Le tabac chauffé fait-il vraiment une « cigarette plus sûre » ? 🚬

Un géant du tabac, PMI, prétend avoir créé une cigarette plus sûre. Est-ce une grosse erreur de la déployer ?

Dans un centre commercial d’Atlanta, un bastion de minimalisme aux murs de verre est le premier du genre aux États-Unis. On dirait un Apple Store, mais avec un videur. Vous devez avoir 21 ans ou plus pour participer. Si vous voulez acheter ce qu’il y a à l’intérieur, vous devez être un fumeur de cigarettes. Ou du moins, vous devez dire au vendeur que vous fumez des cigarettes.

Le produit du magasin est un cylindre électrifié à conserver dans votre poche. Marqué « IQOS« , qui est largement considéré comme l’acronyme de « I Quit Original Smoking », l’appareil est le premier d’une nouvelle classe de produits connus sous le nom de « tabac chauffé » ou de produits « Heat not burn « * Ce n’est ni du vaping ni du smoking, mais un autre moyen d’inhaler la nicotine, un stimulant qui crée une dépendance.

L’IQOS est chargé par USB et a la taille d’un stylo Sharpie. Au fond, il y a un port où vous mettez un rouleau de tabac qui ressemble à une cigarette courte. Dans l’ensemble, l’esthétique est plus proche de celle d’un inhalateur contre l’asthme que de tout ce que James Dean aurait pu porter. Il n’y a pas de signes indiquant que l’on fume ou que l’on vape : Il n’y a pas de flamme, pas de fumée, et seulement un souffle fantomatique à expirer.

Aucune célébrité ou tapis rouge n’était à l’ouverture du magasin d’Atlanta en septembre, comme ce fut le cas ce mois-ci à l’ouverture de Munich. La Food and Drug Administration n’a autorisé la vente du produit aux États-Unis qu’en avril, et son vendeur ne savait pas dans quelle mesure il serait bien accueilli. Et le lancement de l’appareil est techniquement illégal pour l’entreprise de dire, puisque la FDA ne le permet pas : L’IQOS est plus sûr que la cigarette.

La FDA évalue actuellement les preuves de cette allégation. En réalité, la mesure des effets à long terme sur la santé – savoir avec certitude si l’allégation est vraie – prendrait des décennies. Mais le concept théorique est qu’une grande partie du danger de la cigarette provient de l’inhalation de fumée de toutes sortes. Allumez votre cheminée, passez au-dessus d’un feu de camp ou fumez de l’herbe de votre pelouse, et vous augmenterez vos risques de cancer du poumon et d’autres causes de décès.
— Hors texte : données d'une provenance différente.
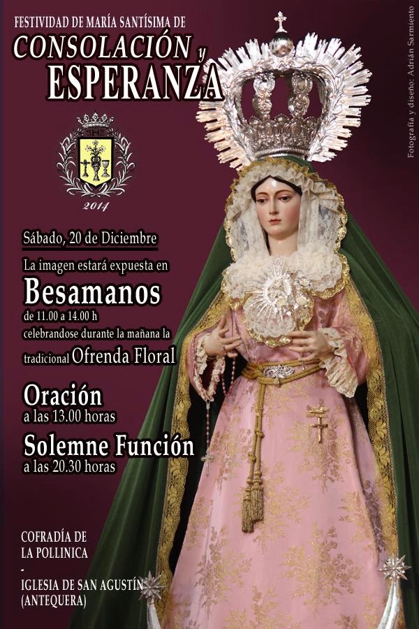 La Cofradía de la Pollinica de Antequera organiza los siguientes cultos con motivo de la Festividad de su Sagrada Titular, Nuestra Señora de Consolación y Esperanza, para el próximo sábado 20 de Diciembre, en el interior de su templo sede, la Iglesia de San Agustín:

Au lieu de brûler le tabac, ce nouvel appareil le chauffe à une température plus basse. Cela libère un peu de nicotine pour que vous puissiez l’inhaler et vous sentir temporairement stimulé. Ou du moins moins moins non stimulé.

Par contre, le vaping consiste à chauffer un liquide qui contient souvent de la nicotine synthétique, entre autres substances, et non du tabac lui-même. La vape et le tabac chauffé sont tous deux communément considérés comme des « e-cigarettes », mais la différence entre les deux est particulièrement pertinente dans un contexte de panique nationale au sujet de la vape. Au cours de l’été et de l’automne, des rapports faisant état de plusieurs douzaines de décès liés à l’inhalation ont fait surface, et des autopsies ont révélé que les liquides contenus dans certains dispositifs contenaient des additifs qui semblent être la cause de maladies pulmonaires inflammatoires aiguës. Les gens ont commencé à jurer d’arrêter le vaping. Certains États ont mis en œuvre des interdictions.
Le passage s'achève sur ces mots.